A JSON search query is the singular point-of-entry for using the EXSCLAIM! search and retrieval tools. Here we will query Nature journals to find figures related to HAADF-STEM images of gold nanoparticles. Limiting the results to the top 5 most relevant hits, the query might look something like:
{
"name": "nature-haadf-gold-NP",
"journal_family": "nature",
"maximum_scraped": 5,
"sortby": "relevant",
"query":
{
"search_field_1":
{
"term":"gold nanoparticle",
"synonyms":["Au nanoparticle","Au NP"]
},
"search_field_2":
{
"term":"HAADF-STEM",
"synonyms":["HAADF image"]
}
},
"results_dir": "extracted/nature-haadf-gold-NP/"
}
Saving the query avoids having to completely reformulate the structure with each new search and establishes provenance for the extraction results. Additional JSON search query examples can be found in test in the root directory.
With the query from above (nature-haadf-gold-NP.json
), we extract relevant figures and construct a dataset of annotated images by using a Pipeline
class to implement a JournalScraper
, CaptionSeparator
and FigureSeparator
interface (in this order).
from exsclaim.pipeline import Pipeline
from exsclaim.tool import *
# Set query path
query_path = "query/nature-haadf-gold-NP.json"
# Initialize EXSCLAIM! tool(s)
js = JournalScraper()
cs = CaptionSeparator()
fs = FigureSeparator()
# Define run order in a tools list
tools = [js,cs,fs]
# Initialize EXSCLAIM! pipeline
exsclaim_pipeline = Pipeline(query_path=query_path)

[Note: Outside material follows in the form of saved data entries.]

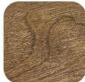
Walnut Part # GMA_W_W
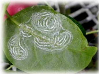
Eggs are laid in spirals.

But DON'T panic. This whitefly is different from the ficus whitefly. So far, the gumbo limbo spiraling whitefly is not causing severe plant damage such as plant death or severe branch die-back.
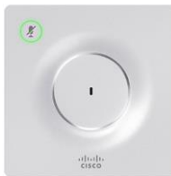
Figure 3. Cisco TelePresence Ceiling Microphone
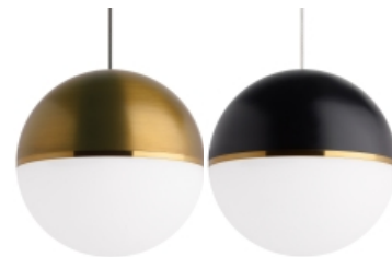
Aged Brass Bright Brass
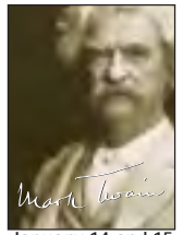
January 14 and 15 on PBS

“Whatever you have lived , you can write—& by hard work & a genuine apprenticeship, you can learn to write well ; but what you have not lived you cannot write, you can only pretend to write it...”
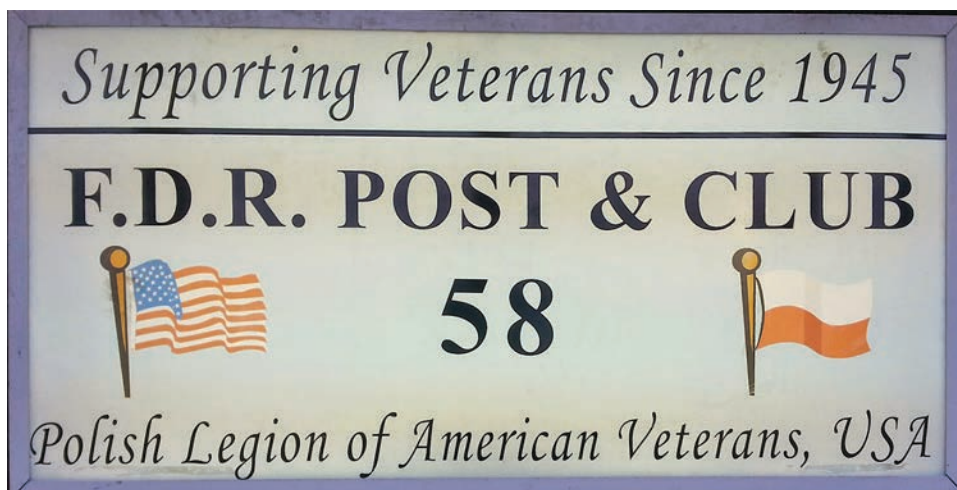
The illuminated sign from the historic Tremont former home of Post 58

# Run the tools through the pipeline
exsclaim_pipeline.run(tools)
# Save image and label (.csv) results to file
exsclaim_pipeline.to_file()
Calling to_file()
saves extracted images into folders created for each figure, and prints a ‘labels.csv’ which includes entries for each image and its respective annotation. For a more concise record of the search results, an ‘exsclaim.json’ is also created, which records urls for the extracted figures, as well as bounding box information, and the associated caption text for each detected image.